Google drops €1.5 billion EU antitrust fine


Google has successfully overturned a €1.5 billion antitrust fine imposed on it by the European Commission five years ago. Judges at the European General Court overturned the decision because the Commission had made errors in its assessment of the company's advertising contracts.

Specifically, the Commission had not shown that Google's contracts with publishers had been likely to deter innovation, help the company maintain its dominant position and harm consumers as a result.
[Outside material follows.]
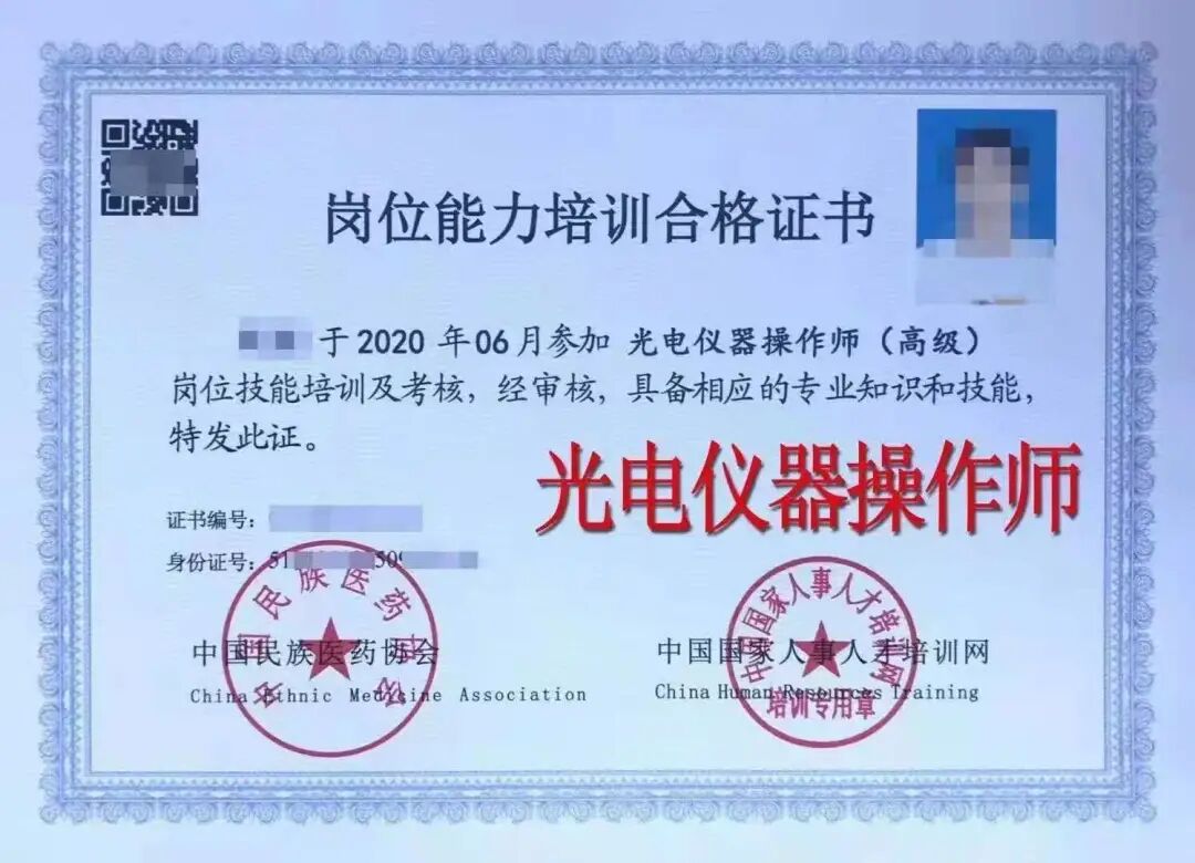 陈康所在的公司不但卖高仿美容设备,还卖证书。他发来一张「岗位能力培训合格证书」模板,证书上标明「光电仪器操作师」,两行文字提示,「某某于某年某月参加光电仪器操作师(高级)岗位技能培训及考核。经审核,具备相应的专业知识和技能,特发此证」。

Despite upholding most of the EU's findings, this factor meant that it could not conclude that Google breached competition rules.

Chronology of events

In 2019, the Commission fined Google for imposing restrictive contracts on third-party websites using its AdSense platform, preventing them from displaying competitors' ads alongside Google search results and stifling competition between 2006 and 2016. This was initially triggered by a complaint from Microsoft.

According to Bloomberg, Google has appealed the fine, saying the Commission was guilty of “material errors of analysis” at a hearing in 2022. This is the third major EU antitrust penalty imposed against the Alphabet-owned company in the past decade, following earlier fines related to Android and Google Shopping.

Google spokesman Jay Stoll said today that the company changed its contracts in 2016 to remove the relevant provisions, prior to the Commission's decision, and that the case only affected a narrow subset of text-only search ads placed on a limited number of publisher websites.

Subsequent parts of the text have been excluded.